I due primi ballerini sono nel cast di stelle dello “Schiaccianoci” di Amodio/Luzzati, attualmente in tournée in Italia, ed hanno riscosso i lunghi applausi del pubblico al teatro Petruzzelli di Bari.

Il pubblico del Teatro Petruzzelli di Bari ha applaudito calorosamente Anbeta Toromani e Vito Mazzeo nella loro interpretazione di Clara e Schiaccianoci nell’omonimo spettacolo di Amedeo Amodio con le scenografie ed i costumi di Emanuele Luzzati e le memorabili musiche di  Čajkovskij: una produzione in grande scala di Daniele Cipriani Entertainment, attualmente impegnata in una lunga tournée in Italia e che vede l’alternarsi di altri celebri stelle del balletto quali Ashley Bouder, Rebecca Bianchi, Andrew Veyette, Alessandro Macario, Alessio Rezza.

Anbeta Toromani, diplomata all’ Accademia di Danza di Tirana, sua città natale, e successivamente prima ballerina al Teatro dell’Opera di Tirana, ha interpretato i maggiori ruoli del repertorio ballettistico e si è imposta all’attenzione del grande pubblico italiano grazie alla sua partecipazione alla trasmissione televisiva “Amici” di cui è divenuta prima ballerina, dimostrando da subito le sue eccellenti doti tecniche ed artistiche ed ottenendo così una grande popolarità.

Ha conseguito diversi riconoscimenti ed ha partecipato a numerosi spettacoli e gala, ospite presso i maggiori teatri come il San Carlo di Napoli, il Massimo di Palermo, Il Verdi di Trieste, il regio di Parma.

Vito Mazzeo, di origini calabresi, si è diplomato al Teatro alla Scala di Milano per poi entrare al Royal Ballet di Londra e proseguire con il Teatro dell’Opera di Roma, il San Francisco Ballet ed il Dutch National Ballet.
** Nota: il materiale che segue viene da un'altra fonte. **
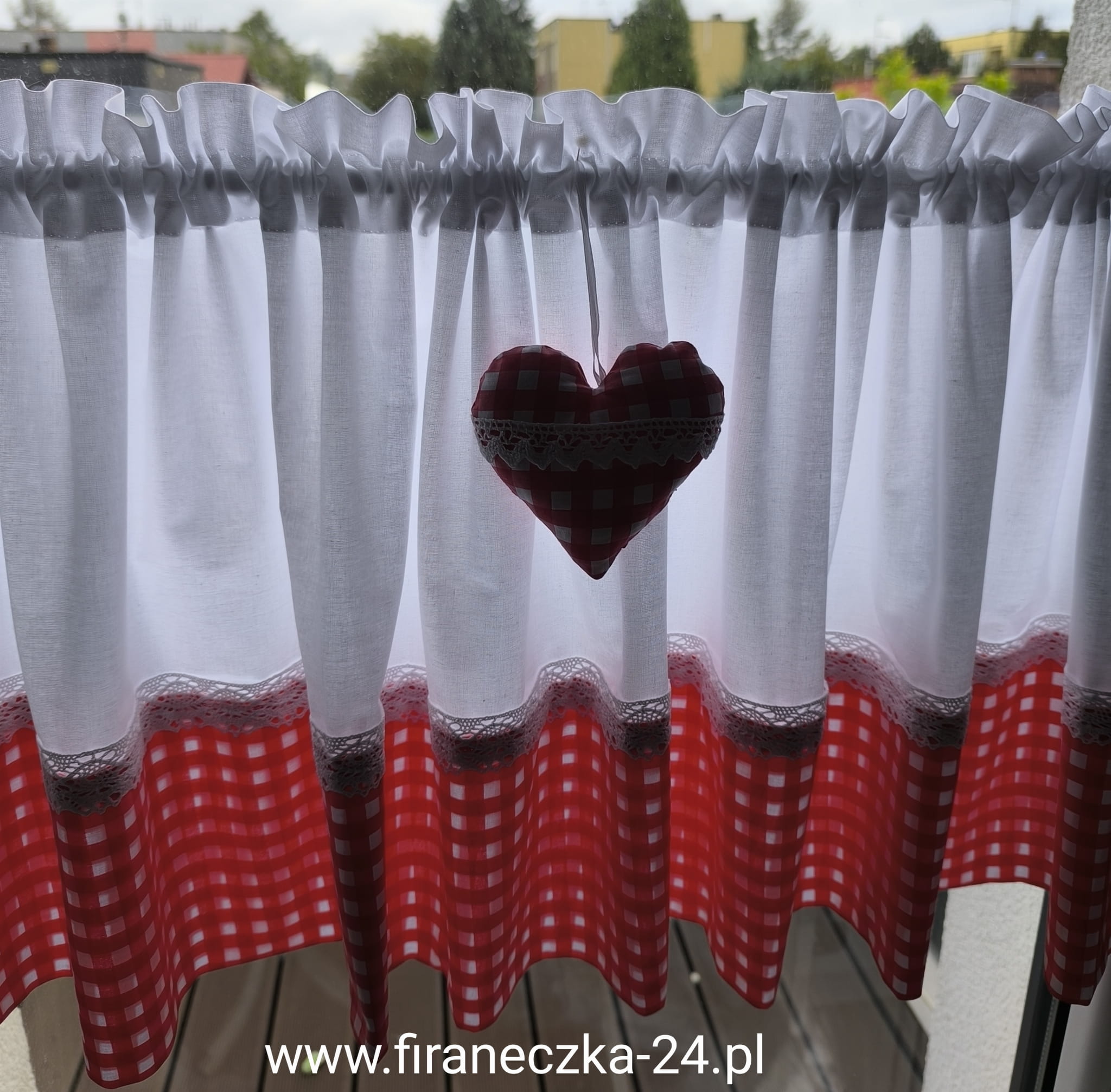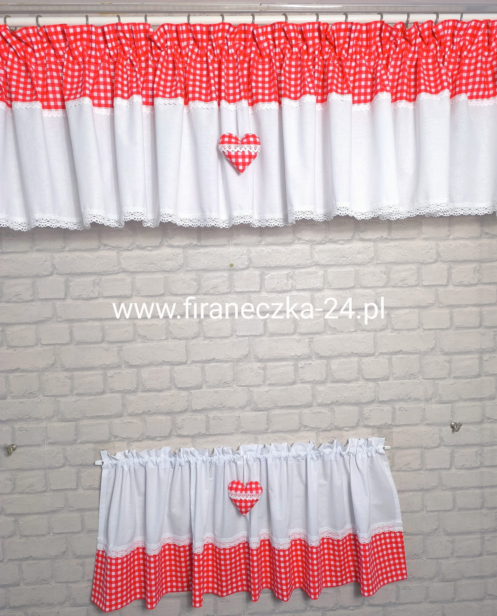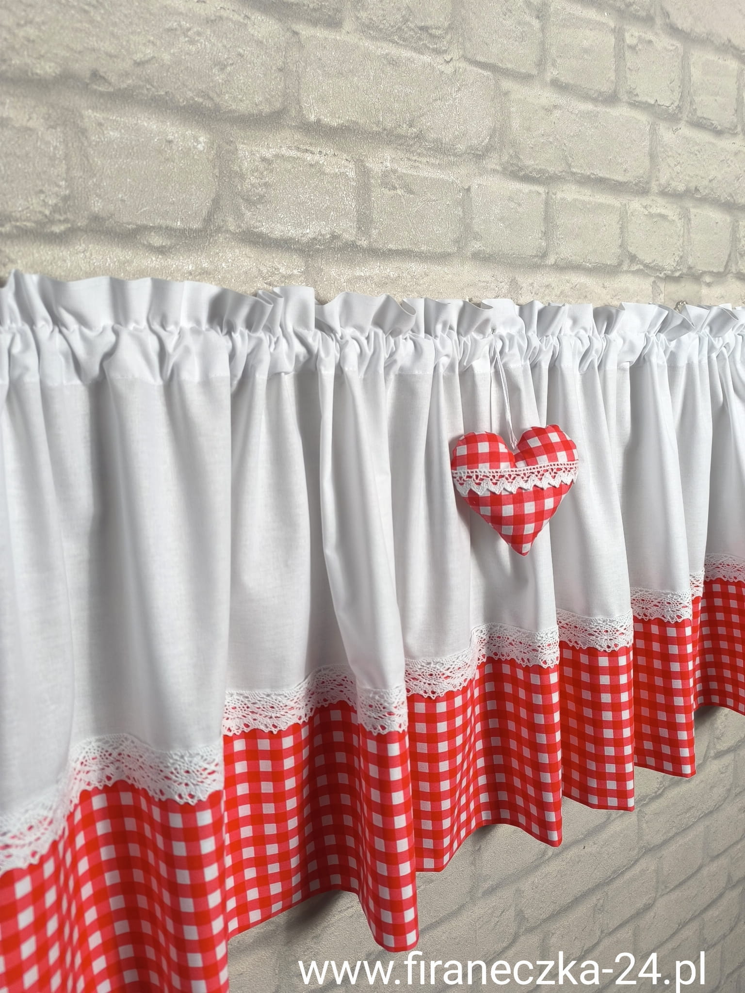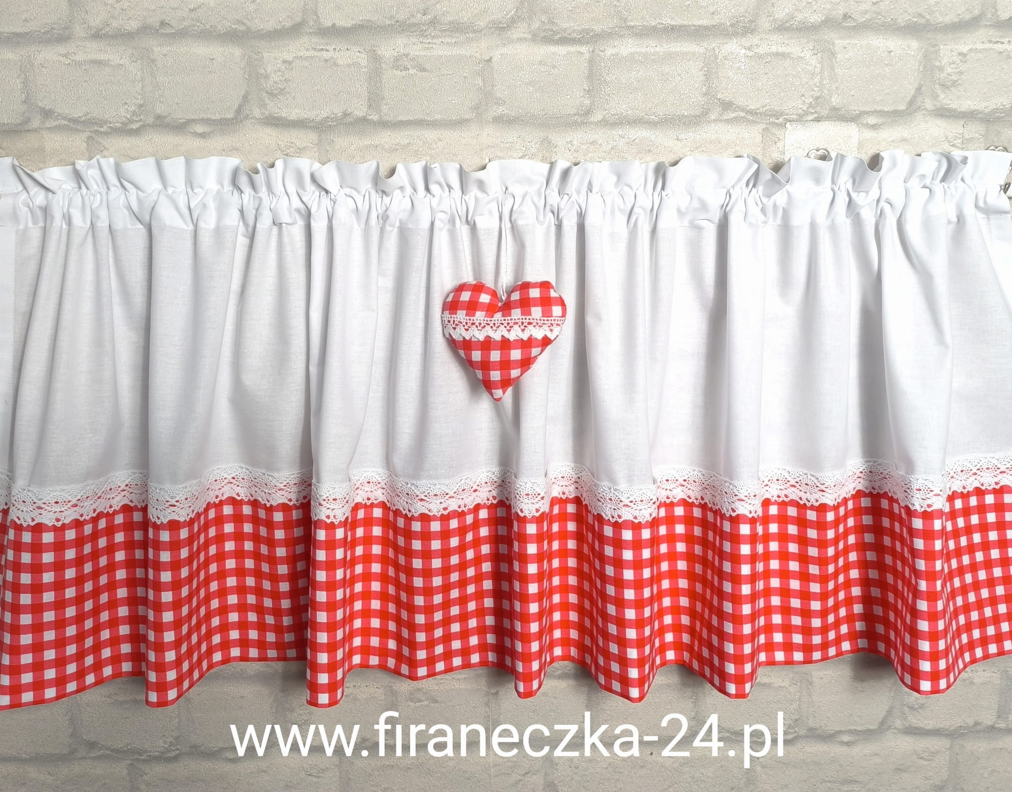 Zazdrostka lambrekin firanka biała czerwona kratka koronka bawełna

Principal dancer con larga esperienza dei ruoli di rilievo del repertorio, è ospite internazionale di spettacoli ed eventi.

Il prossimo appuntamento per lo Schiaccianoci di Amodio/Luzzati è dal 14 al 18 dicembre al Teatro Verdi di Trieste, con Ashley Bouder e Andrew Veyette e di nuovo Anbeta Toromani questa volta con Alessandro Macario.

Seguiranno le tappe di Bologna (Teatro Europa Auditorium) il 20 dicembre, Firenze (Teatro Verdi) il 22, Ancona (Teatro delle Muse) il 28 dicembre, Reggio Emilia (Teatro Romolo Valli) il 4 gennaio, Pordenone (Teatro Verdi) il 10 gennaio, Ravenna (Teatro Dante Alighieri) il 14 e 15 gennaio 2017.